◆ **WHAT IS EXPECTED**
An exact copy of the lines, starting at the top of the listing and ending with the line that has "Kitten heel mid-calf", is the required answer. Pictures are not part of it.

◆ **RECORDS FOR PROCESSING**
'''
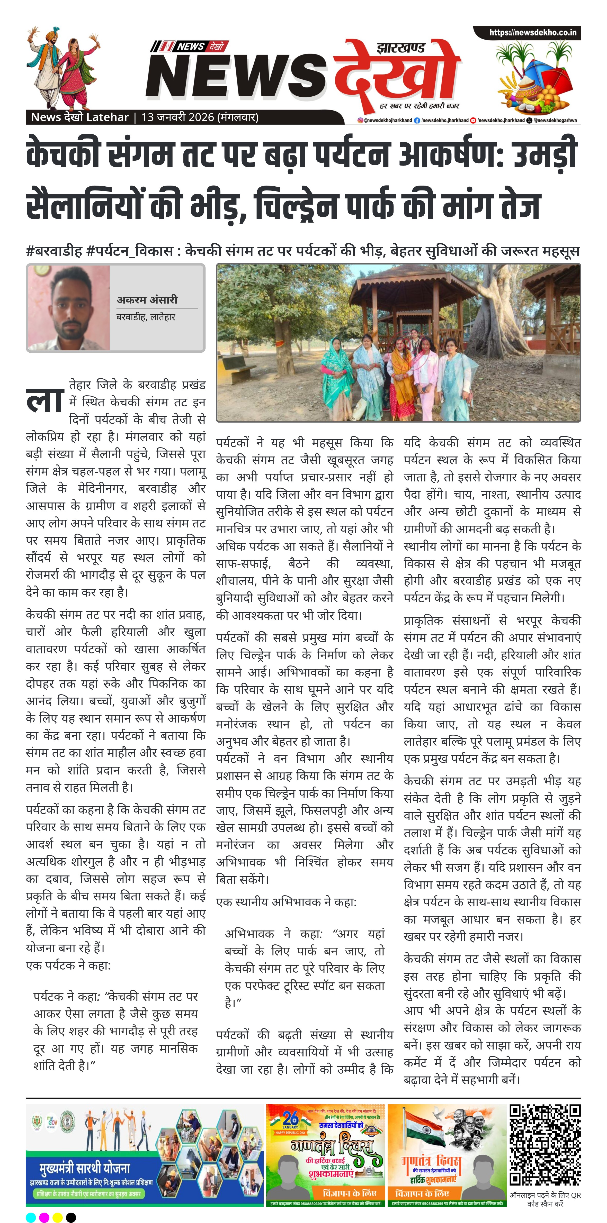 लातेहार जिले के बरवाडीह प्रखंड स्थित केचकी संगम तट पर मंगलवार को बड़ी संख्या में पर्यटक पहुंचे। पलामू और आसपास के इलाकों से आए लोगों ने परिवार संग प्राकृतिक सौंदर्य के बीच समय बिताया। बढ़ती भीड़ के बीच पर्यटकों ने बच्चों के लिए चिल्ड्रेन पार्क निर्माण की मांग उठाई। इससे क्षेत्र में पारिवारिक पर्यटन और स्थानीय अर्थव्यवस्था को बढ़ावा मिलने की उम्मीद जताई जा रही है।
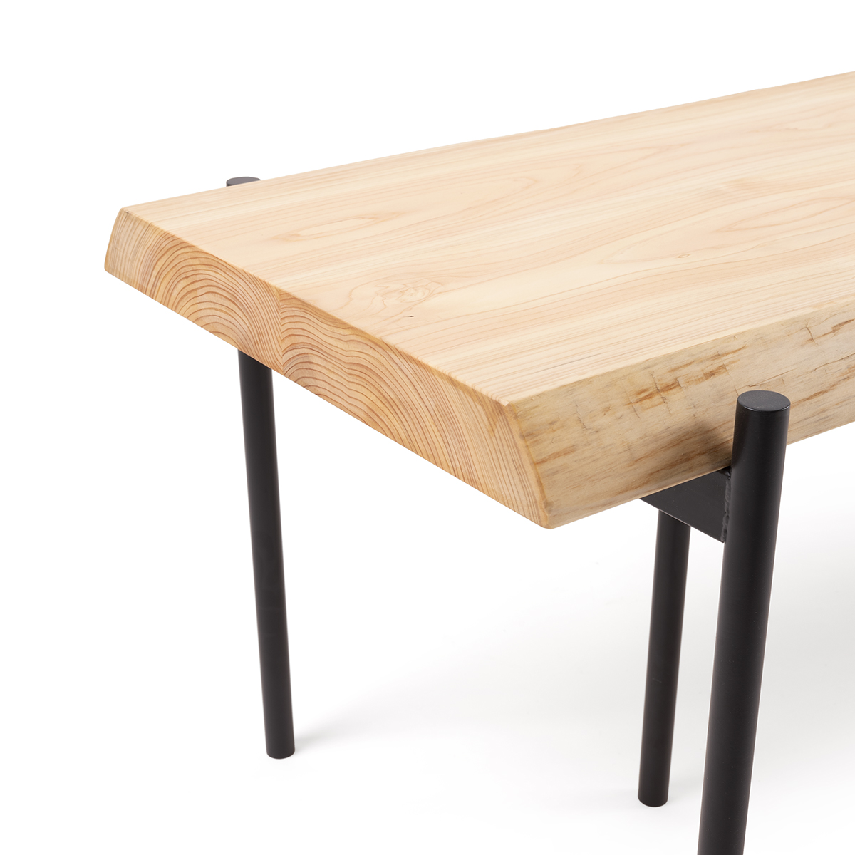 座面の板に厚み4cmのひのきを採用し、木の魅力を厚みや存在感で感じて頂けるものにしました。
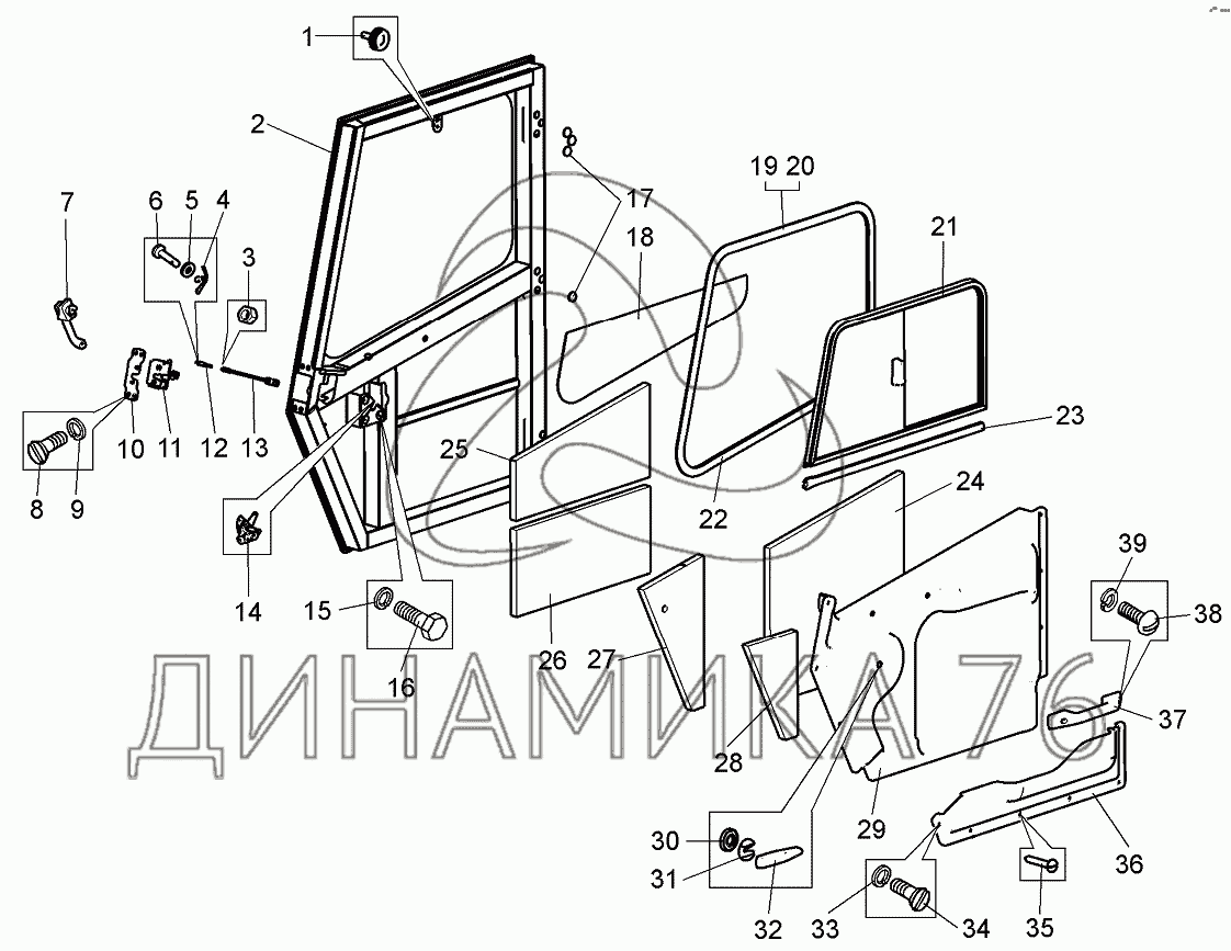 Перечень комплектующих от Дверь кабины 7555В-6100010-10 на БелАЗ-75600
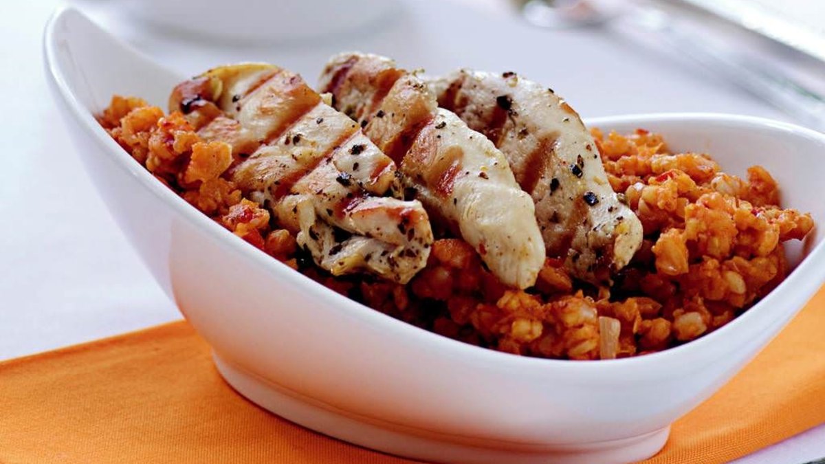 Buğdayı geceden ıslatıp, ertesi gün kendi suyuyla haşlayın. Suyunu süzüp, soğumaya bırakın. Tavuk etini dilimleyip, yarım kahve fincanı zeytinyağı, karabiber ve tuz karışımında 1 saat marine edin.
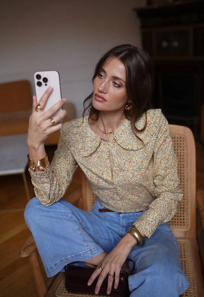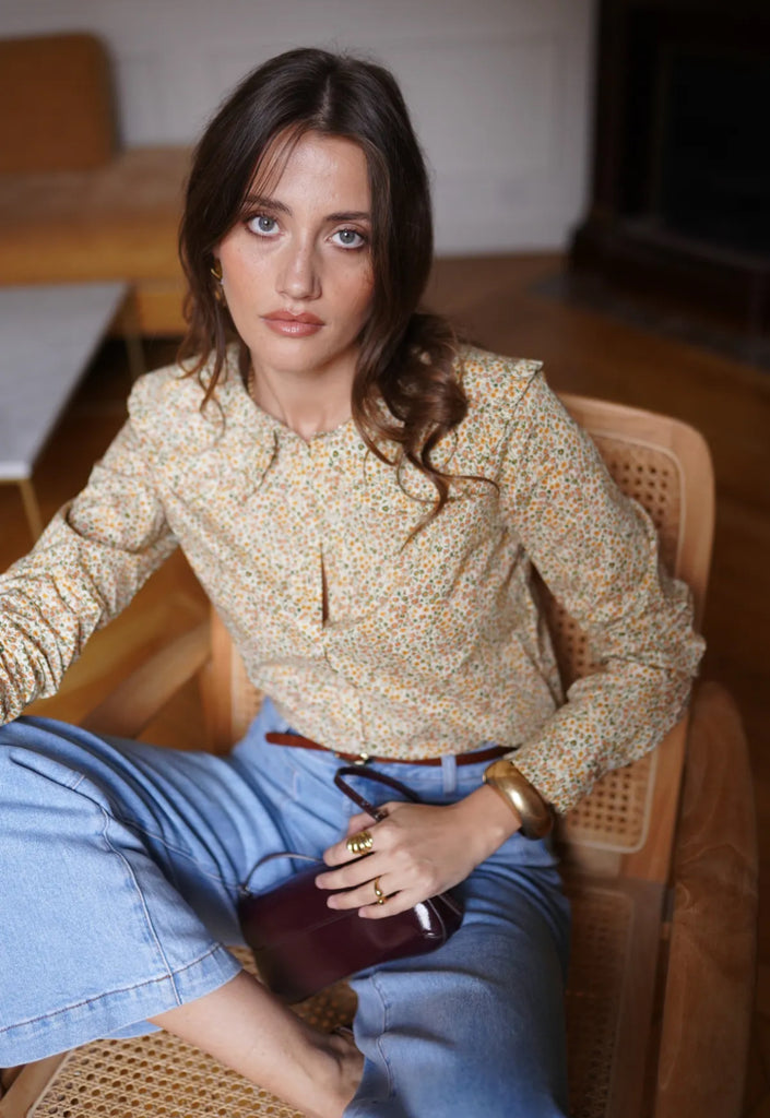 Süße Bluse mit großem Kragen und kleinem all over Blumenprint.
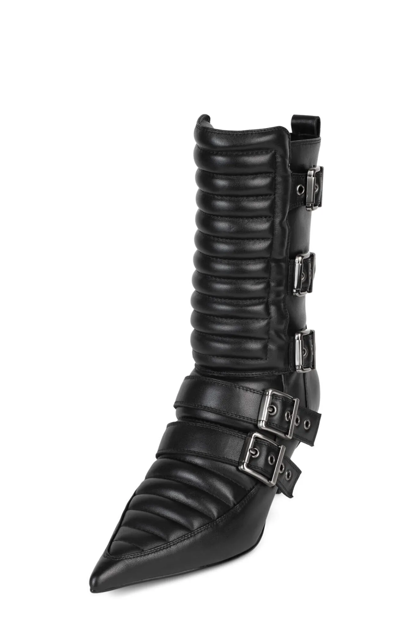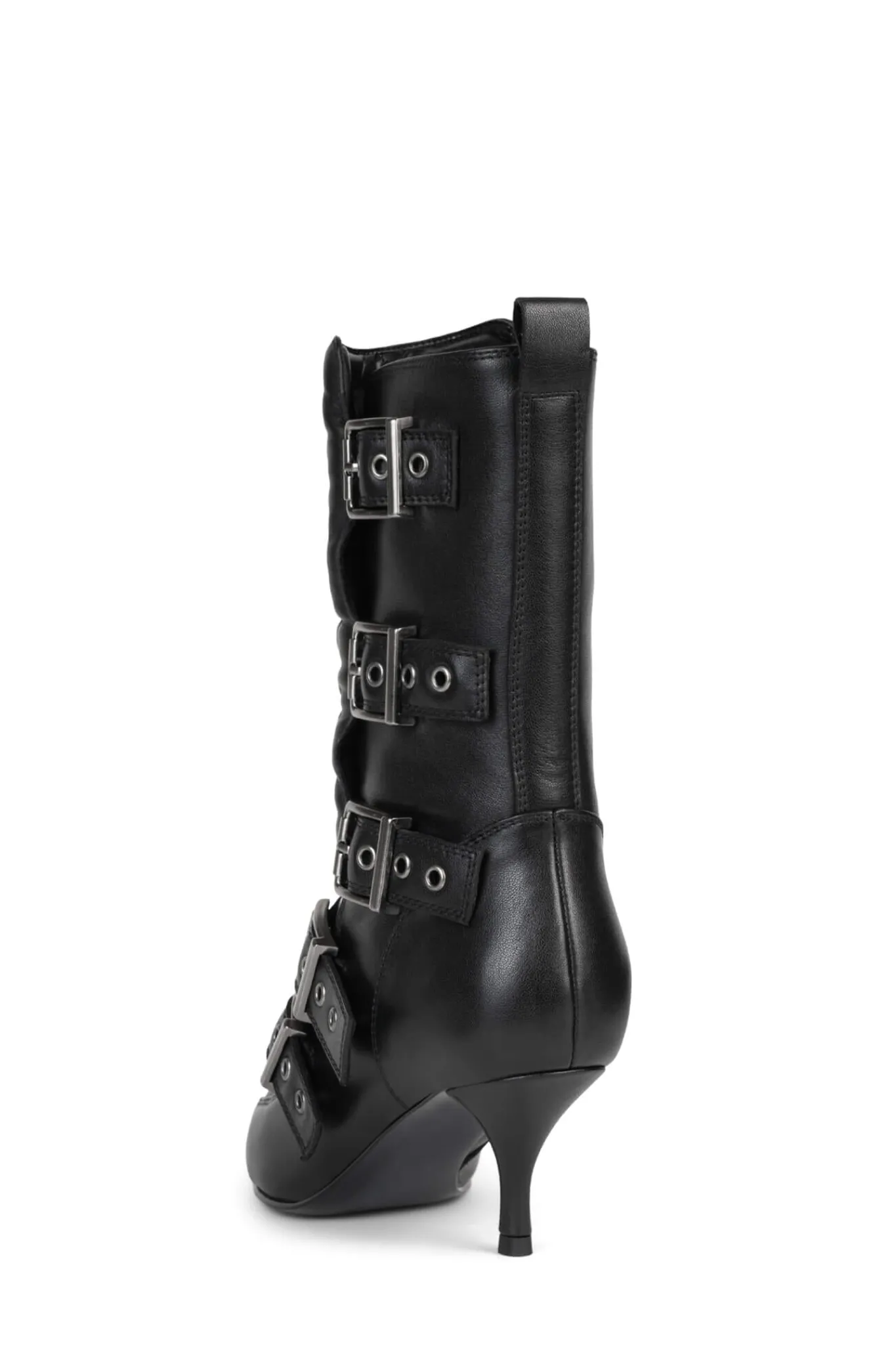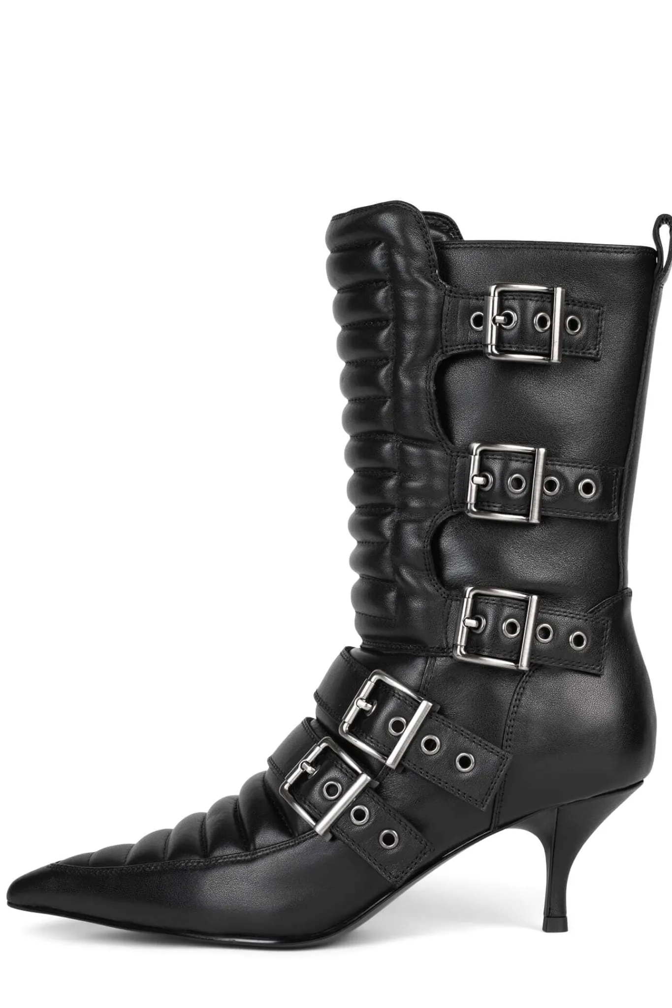 Kitten heel mid-calf moto-inspired bootFits true to sizeMeasurements taken from a size 7 2.25″ Heel, 0.25″ Platform8.5″…
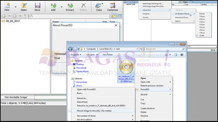 Dengan PowerISO, Anda dapat membuat drive virtual untuk memasang citra disk. Fitur ini menghilangkan kebutuhan akan disk fisik dan memungkinkan Anda mengakses konten langsung dari komputer Anda.
'''
◆ **EXERCISE RESULT**
 लातेहार जिले के बरवाडीह प्रखंड स्थित केचकी संगम तट पर मंगलवार को बड़ी संख्या में पर्यटक पहुंचे। पलामू और आसपास के इलाकों से आए लोगों ने परिवार संग प्राकृतिक सौंदर्य के बीच समय बिताया। बढ़ती भीड़ के बीच पर्यटकों ने बच्चों के लिए चिल्ड्रेन पार्क निर्माण की मांग उठाई। इससे क्षेत्र में पारिवारिक पर्यटन और स्थानीय अर्थव्यवस्था को बढ़ावा मिलने की उम्मीद जताई जा रही है।
 座面の板に厚み4cmのひのきを採用し、木の魅力を厚みや存在感で感じて頂けるものにしました。
 Перечень комплектующих от Дверь кабины 7555В-6100010-10 на БелАЗ-75600
 Buğdayı geceden ıslatıp, ertesi gün kendi suyuyla haşlayın. Suyunu süzüp, soğumaya bırakın. Tavuk etini dilimleyip, yarım kahve fincanı zeytinyağı, karabiber ve tuz karışımında 1 saat marine edin.
 Süße Bluse mit großem Kragen und kleinem all over Blumenprint.
 Kitten heel mid-calf moto-inspired bootFits true to sizeMeasurements taken from a size 7 2.25″ Heel, 0.25″ Platform8.5″…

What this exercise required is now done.